- _Stored items from a collection_:
....

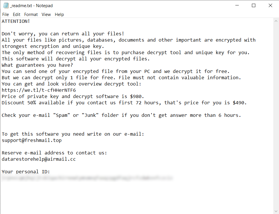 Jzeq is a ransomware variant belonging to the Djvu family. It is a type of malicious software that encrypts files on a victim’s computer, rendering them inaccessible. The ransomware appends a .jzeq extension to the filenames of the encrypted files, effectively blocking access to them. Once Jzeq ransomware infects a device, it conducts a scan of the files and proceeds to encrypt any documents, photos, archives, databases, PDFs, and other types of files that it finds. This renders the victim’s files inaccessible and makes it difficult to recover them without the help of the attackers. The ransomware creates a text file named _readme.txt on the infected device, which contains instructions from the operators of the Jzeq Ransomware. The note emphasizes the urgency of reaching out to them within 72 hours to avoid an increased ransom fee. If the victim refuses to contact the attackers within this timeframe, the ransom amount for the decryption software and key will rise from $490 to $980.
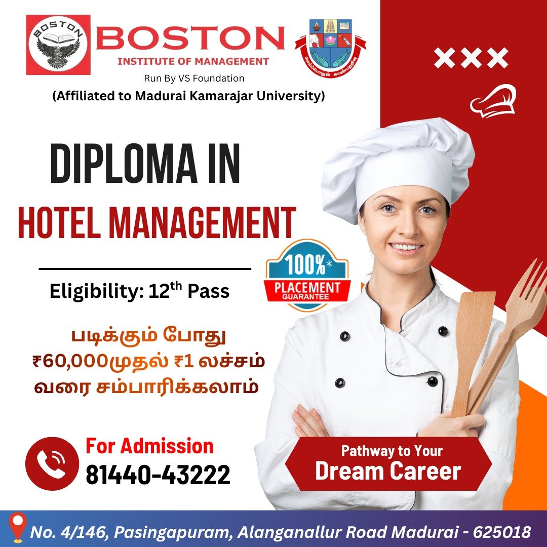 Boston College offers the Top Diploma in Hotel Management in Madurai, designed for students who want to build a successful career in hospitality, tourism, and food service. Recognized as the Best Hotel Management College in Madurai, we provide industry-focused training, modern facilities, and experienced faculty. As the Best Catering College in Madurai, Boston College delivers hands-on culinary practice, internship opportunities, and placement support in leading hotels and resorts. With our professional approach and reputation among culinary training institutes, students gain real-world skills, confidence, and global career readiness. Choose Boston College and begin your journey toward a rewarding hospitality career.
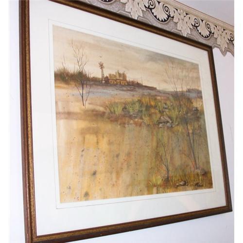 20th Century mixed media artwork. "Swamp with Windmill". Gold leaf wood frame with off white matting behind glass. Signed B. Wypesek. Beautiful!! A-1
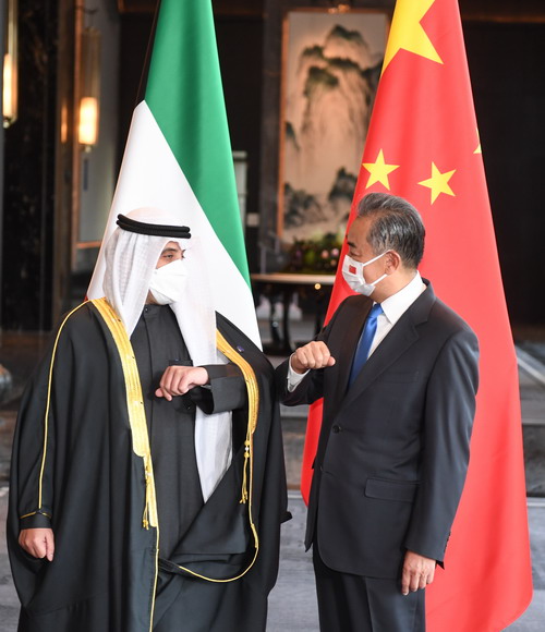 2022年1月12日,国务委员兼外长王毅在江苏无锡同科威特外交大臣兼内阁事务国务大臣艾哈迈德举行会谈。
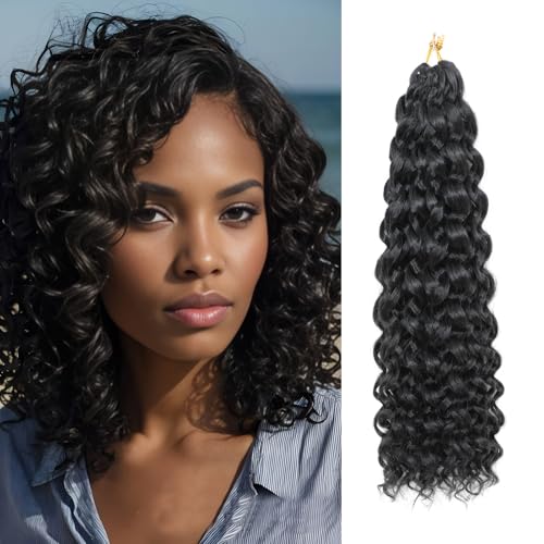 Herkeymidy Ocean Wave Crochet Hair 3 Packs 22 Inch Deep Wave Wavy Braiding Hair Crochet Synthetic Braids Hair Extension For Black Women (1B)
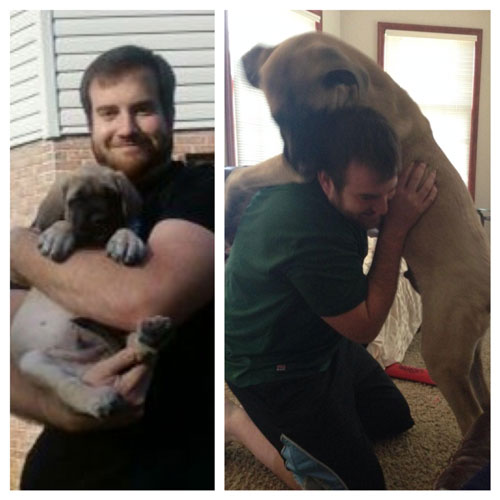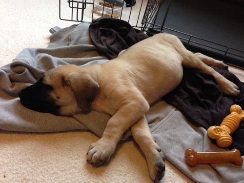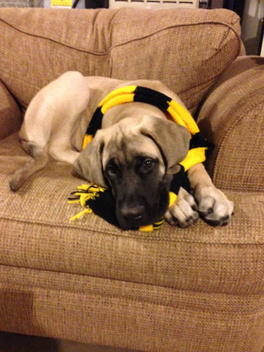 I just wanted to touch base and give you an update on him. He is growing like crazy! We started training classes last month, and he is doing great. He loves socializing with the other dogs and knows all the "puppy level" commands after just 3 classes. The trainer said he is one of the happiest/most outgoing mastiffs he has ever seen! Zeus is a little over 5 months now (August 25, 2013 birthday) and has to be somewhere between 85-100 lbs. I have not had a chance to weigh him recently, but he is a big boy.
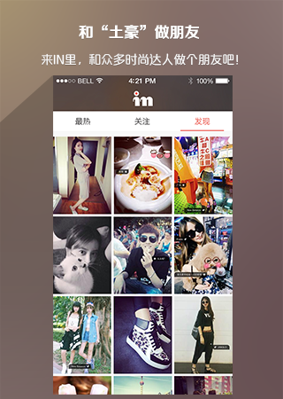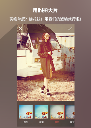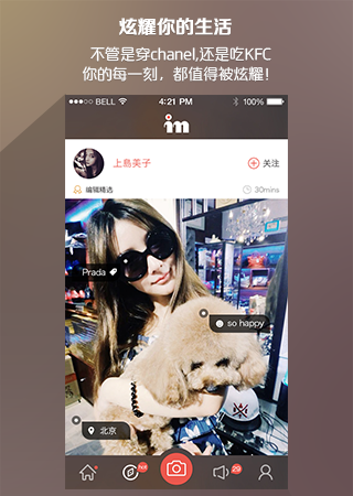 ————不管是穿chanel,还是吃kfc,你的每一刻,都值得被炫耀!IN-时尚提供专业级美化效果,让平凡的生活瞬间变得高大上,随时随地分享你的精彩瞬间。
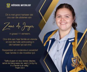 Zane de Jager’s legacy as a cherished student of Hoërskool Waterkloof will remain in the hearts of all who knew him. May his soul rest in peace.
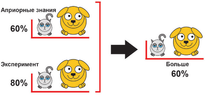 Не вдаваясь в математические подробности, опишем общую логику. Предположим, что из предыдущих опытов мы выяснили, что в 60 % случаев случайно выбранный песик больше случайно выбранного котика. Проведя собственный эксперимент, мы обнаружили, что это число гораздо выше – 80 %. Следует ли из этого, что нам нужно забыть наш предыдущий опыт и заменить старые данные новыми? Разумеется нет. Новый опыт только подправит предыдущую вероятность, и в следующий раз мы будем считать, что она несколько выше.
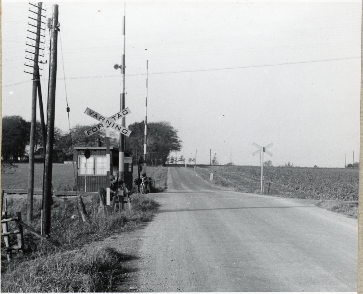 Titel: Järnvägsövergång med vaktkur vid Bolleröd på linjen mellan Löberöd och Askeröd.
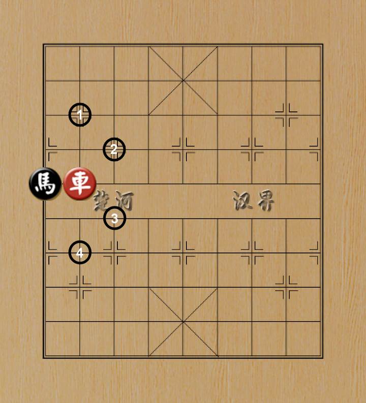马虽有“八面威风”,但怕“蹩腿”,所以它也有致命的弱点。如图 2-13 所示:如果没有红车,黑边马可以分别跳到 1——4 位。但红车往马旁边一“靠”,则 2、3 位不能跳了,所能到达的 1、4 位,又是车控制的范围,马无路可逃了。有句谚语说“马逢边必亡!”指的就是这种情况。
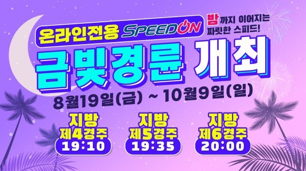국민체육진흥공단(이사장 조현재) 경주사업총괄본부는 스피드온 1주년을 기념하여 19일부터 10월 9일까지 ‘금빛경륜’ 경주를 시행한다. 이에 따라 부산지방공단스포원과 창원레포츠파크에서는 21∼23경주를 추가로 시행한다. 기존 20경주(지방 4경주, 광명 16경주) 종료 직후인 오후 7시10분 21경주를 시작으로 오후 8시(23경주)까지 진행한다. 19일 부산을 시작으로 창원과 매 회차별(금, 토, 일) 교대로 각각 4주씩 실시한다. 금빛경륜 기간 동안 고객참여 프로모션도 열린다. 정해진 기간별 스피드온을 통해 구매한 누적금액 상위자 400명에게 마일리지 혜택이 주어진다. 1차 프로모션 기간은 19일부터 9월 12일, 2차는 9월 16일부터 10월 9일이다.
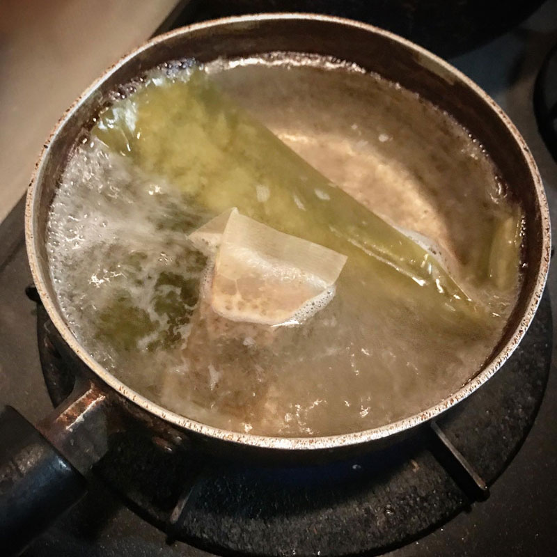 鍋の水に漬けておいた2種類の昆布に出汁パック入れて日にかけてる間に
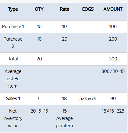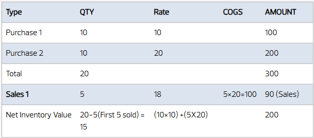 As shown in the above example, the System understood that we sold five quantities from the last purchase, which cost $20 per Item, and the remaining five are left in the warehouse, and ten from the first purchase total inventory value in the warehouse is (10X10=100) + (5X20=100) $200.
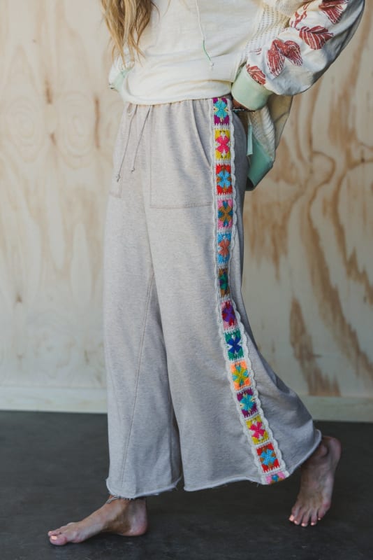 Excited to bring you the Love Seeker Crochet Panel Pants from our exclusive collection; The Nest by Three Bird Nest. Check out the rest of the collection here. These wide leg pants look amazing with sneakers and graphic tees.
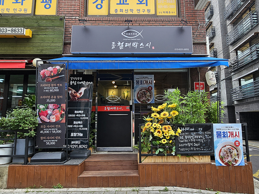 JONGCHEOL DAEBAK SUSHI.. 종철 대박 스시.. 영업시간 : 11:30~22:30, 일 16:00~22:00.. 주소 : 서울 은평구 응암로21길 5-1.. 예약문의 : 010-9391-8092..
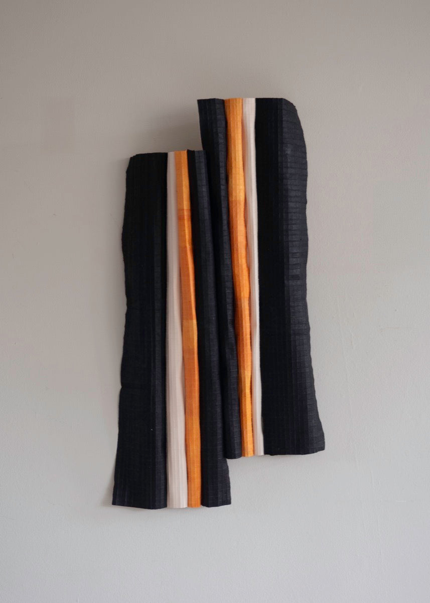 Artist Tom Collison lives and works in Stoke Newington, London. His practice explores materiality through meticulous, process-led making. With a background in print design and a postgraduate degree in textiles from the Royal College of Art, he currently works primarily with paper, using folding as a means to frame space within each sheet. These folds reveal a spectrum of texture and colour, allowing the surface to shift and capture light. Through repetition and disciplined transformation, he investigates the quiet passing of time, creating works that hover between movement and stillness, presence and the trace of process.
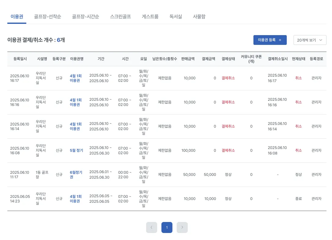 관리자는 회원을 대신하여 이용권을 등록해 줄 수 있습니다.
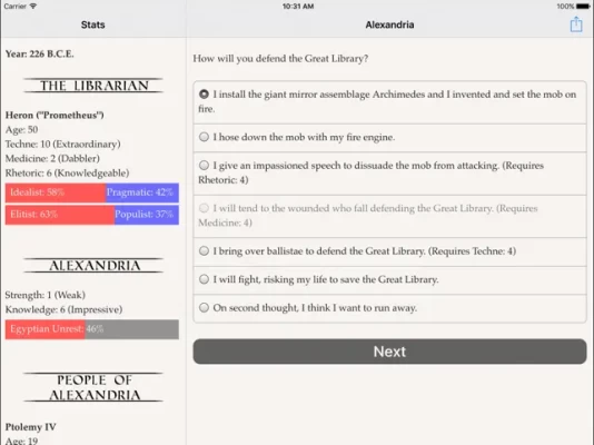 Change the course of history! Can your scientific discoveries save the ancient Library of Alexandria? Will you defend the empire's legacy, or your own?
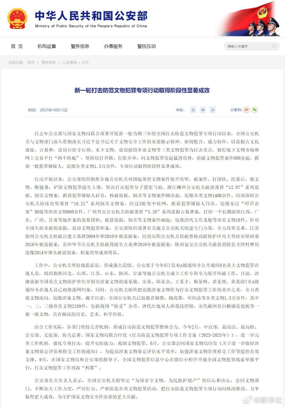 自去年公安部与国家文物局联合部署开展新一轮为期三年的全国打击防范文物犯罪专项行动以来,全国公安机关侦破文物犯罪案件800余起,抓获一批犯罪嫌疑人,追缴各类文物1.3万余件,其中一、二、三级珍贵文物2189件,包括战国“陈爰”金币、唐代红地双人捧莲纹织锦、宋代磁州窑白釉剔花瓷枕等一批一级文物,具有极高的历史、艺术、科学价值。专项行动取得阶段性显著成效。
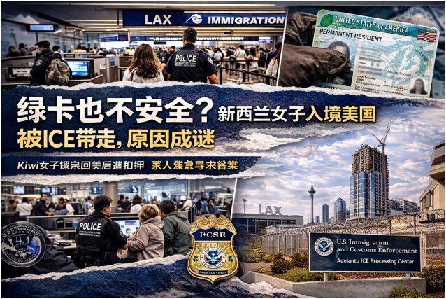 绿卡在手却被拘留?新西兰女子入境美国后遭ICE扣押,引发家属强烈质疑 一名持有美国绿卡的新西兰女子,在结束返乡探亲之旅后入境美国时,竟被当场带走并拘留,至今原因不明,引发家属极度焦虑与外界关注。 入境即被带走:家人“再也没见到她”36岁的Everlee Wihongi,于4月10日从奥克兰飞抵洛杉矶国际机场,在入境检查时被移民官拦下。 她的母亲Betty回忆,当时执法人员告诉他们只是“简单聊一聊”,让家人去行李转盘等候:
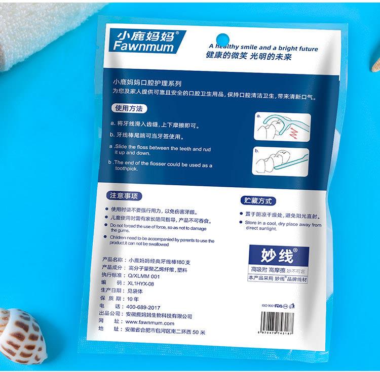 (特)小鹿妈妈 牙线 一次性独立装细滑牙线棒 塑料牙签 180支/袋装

....

- _EXERCISE BRIEF_: Return only the part above that opens with the line containing "Excited to bring" and closes with the line containing "JONGCHEOL DAEBAK SUSHI..", exactly and with both ends, skipping the pictures.

- _TASK RESPONSE_:
 Excited to bring you the Love Seeker Crochet Panel Pants from our exclusive collection; The Nest by Three Bird Nest. Check out the rest of the collection here. These wide leg pants look amazing with sneakers and graphic tees.
 JONGCHEOL DAEBAK SUSHI.. 종철 대박 스시.. 영업시간 : 11:30~22:30, 일 16:00~22:00.. 주소 : 서울 은평구 응암로21길 5-1.. 예약문의 : 010-9391-8092..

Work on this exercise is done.